§ Exercise
Under this line are the records; repeat exactly the lines starting at the one containing "To RSVP to the" and ending at the one containing "potential improvement. |", omitting pictures.

§ Records supplied
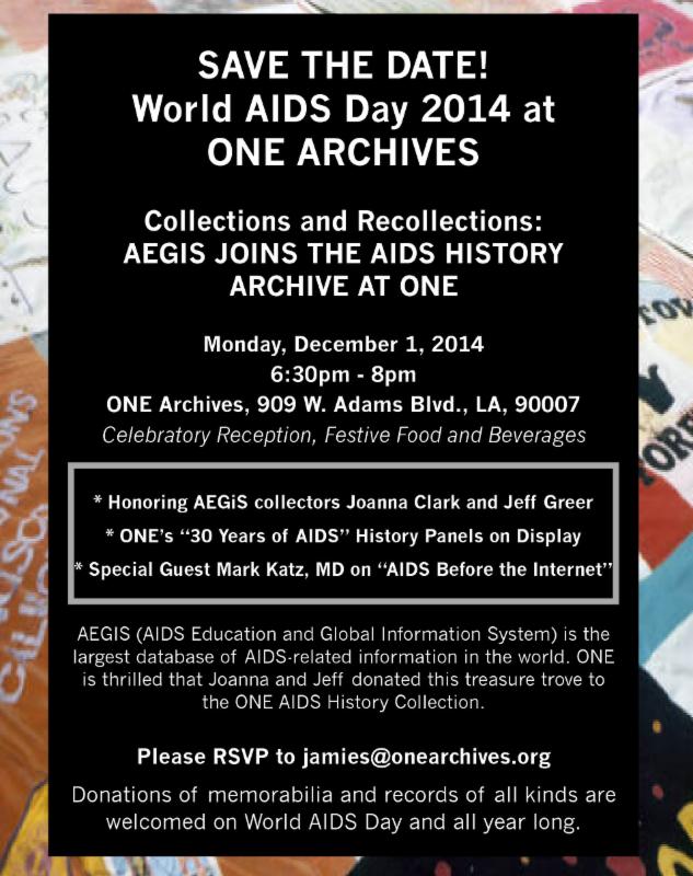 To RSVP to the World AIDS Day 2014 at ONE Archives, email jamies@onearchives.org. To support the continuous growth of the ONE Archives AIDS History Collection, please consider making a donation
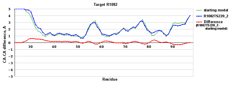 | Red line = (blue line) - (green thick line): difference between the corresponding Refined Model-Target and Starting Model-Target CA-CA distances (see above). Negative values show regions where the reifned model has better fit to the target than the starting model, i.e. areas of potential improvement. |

...

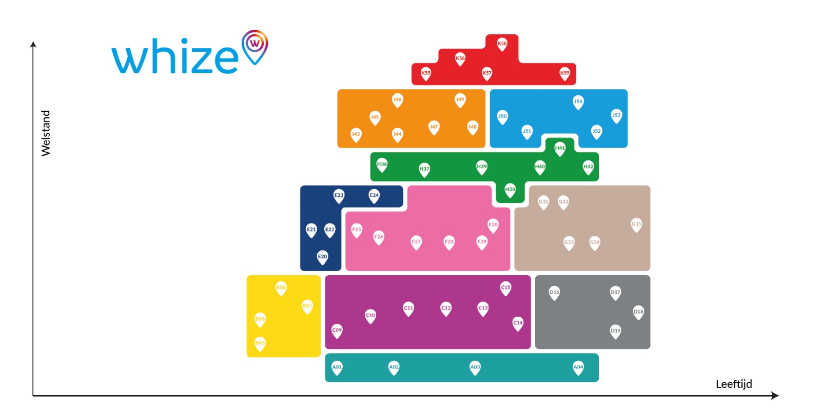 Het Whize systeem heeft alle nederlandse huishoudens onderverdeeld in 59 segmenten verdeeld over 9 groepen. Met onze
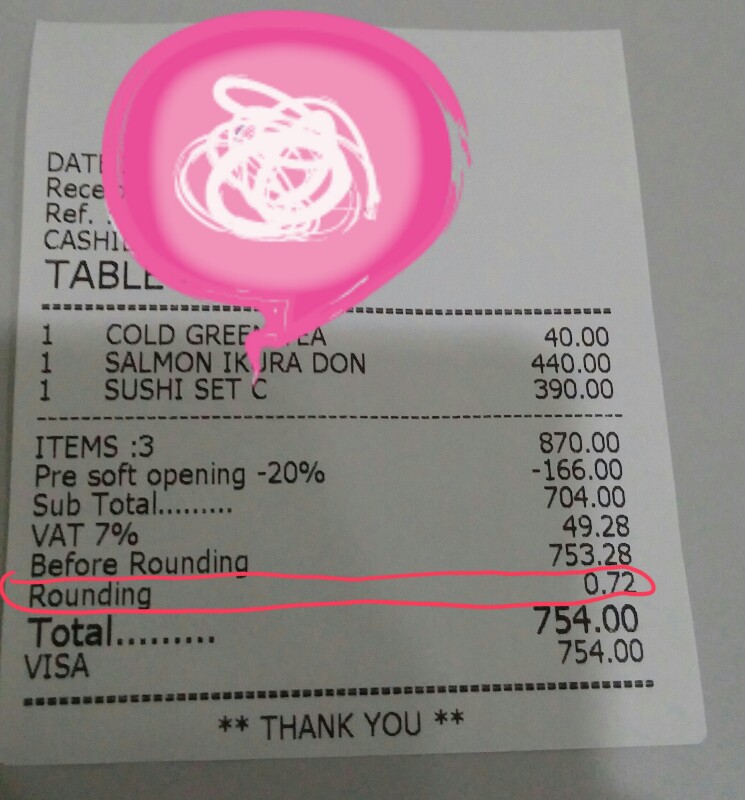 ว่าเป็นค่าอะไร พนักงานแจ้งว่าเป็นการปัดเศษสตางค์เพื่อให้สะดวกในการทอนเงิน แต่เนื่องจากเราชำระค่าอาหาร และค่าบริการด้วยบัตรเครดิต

==

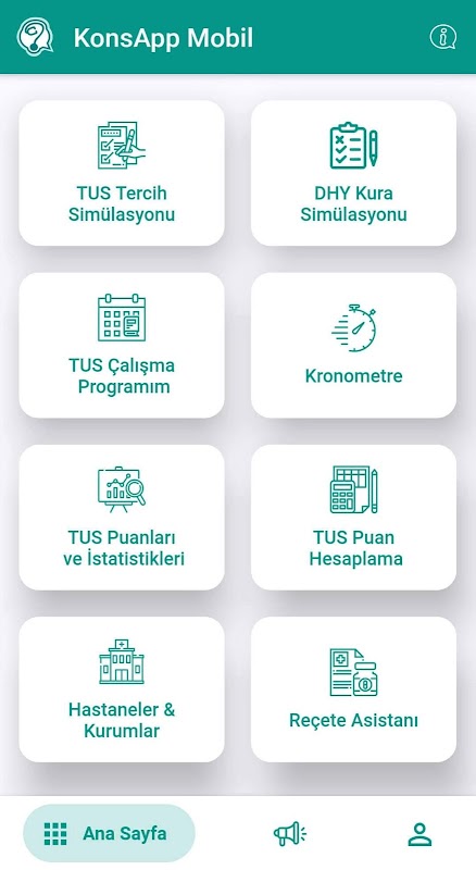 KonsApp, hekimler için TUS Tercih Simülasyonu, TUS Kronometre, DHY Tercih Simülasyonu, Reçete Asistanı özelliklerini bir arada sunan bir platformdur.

§ Response to this exercise
 To RSVP to the World AIDS Day 2014 at ONE Archives, email jamies@onearchives.org. To support the continuous growth of the ONE Archives AIDS History Collection, please consider making a donation
 | Red line = (blue line) - (green thick line): difference between the corresponding Refined Model-Target and Starting Model-Target CA-CA distances (see above). Negative values show regions where the reifned model has better fit to the target than the starting model, i.e. areas of potential improvement. |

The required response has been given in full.